Undeveloped Regulatory Infrastructure and Processes

AIHTs’ exceptional characteristics have significant regulatory implications as regulation is emerging, but at a far slower pace than technological changes, which are virtually infinite (Char and Burgart 2020). Regulative complexity is furthered by the fact that existing standards (e.g., those of the Food and Drug Administration, European Medicines Agency, Health Canada) do not translate well for self-evolving technologies (Dzobo et al., 2020; Shaffer 2020; Topol 2020). This definitional deficit complicates the regulation of this technology and the implementation of appropriate policy infrastructure (Pesapane et al., 2018). Recent approvals of algorithms highlighted some limitations of existing regulatory standards and processes (Haverinen et al., 2019; Parikh et al., 2019). These considerations are threefold and concern the levels of requirements, the speed of AIHT developments and the equilibrium posture that regulators must adopt.
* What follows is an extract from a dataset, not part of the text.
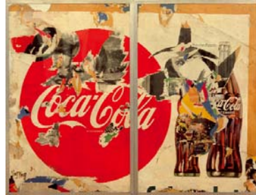
Wolf Vostell Coca-Cola, 1961 Décollage, 200 x 300 cm Museum Ludwig, Köln

A challenge for existing regulatory regimes lies in the extensive information requirements on both the nature and effects of health technology, as well as clinical data on efficacy and patient safety, and population and societal impacts. However, regulators have yet to develop an infrastructure and processes that are appropriate and optimal for AI, and this requires more knowledge about how algorithms work (Dzobo et al., 2020). This complicates the problem because AI is a less transparent and explainable technology than drugs or medical devices can be (Abràmoff et al., 2020; Reddy et al., 2020). Privacy concerns are also important and there is yet no public agreement regarding data collection and sharing for commercial purposes, nor regarding for-profit data ownership (Michie et al., 2017). This calls for finding collective responses to these considerations, which must accompany the work of structuring HTA practices and infrastructures by regulators (Fenech et al., 2020).

Another dimension putting pressure on regulation is the speed of development. For regulating a fast-changing and unpredictably sector such as AI, time is of the essence to ensure that regulatory standards and practices are relevant (Pesapane et al., 2018). Currently, regulation has to constantly catch up with the private sector which leads to important gaps in terms of ethical examination of AIHTs (Shaffer 2020). Since, most developments are done by the private sector and HTA processes are not yet well designed and optimized, there is a problem of scrutiny (Abràmoff et al., 2020). So to keep up, regulation must be as fast as technological developments in AI, therefore it requires to conduct assessment and oversight at an unprecedented pace (Haverinen et al., 2019). However, this need to proceed quickly, in particular to match the private sector’s pace, must be put into perspective with the very acceptability of a significant presence of commercial interests in the big data and AIHTs sector.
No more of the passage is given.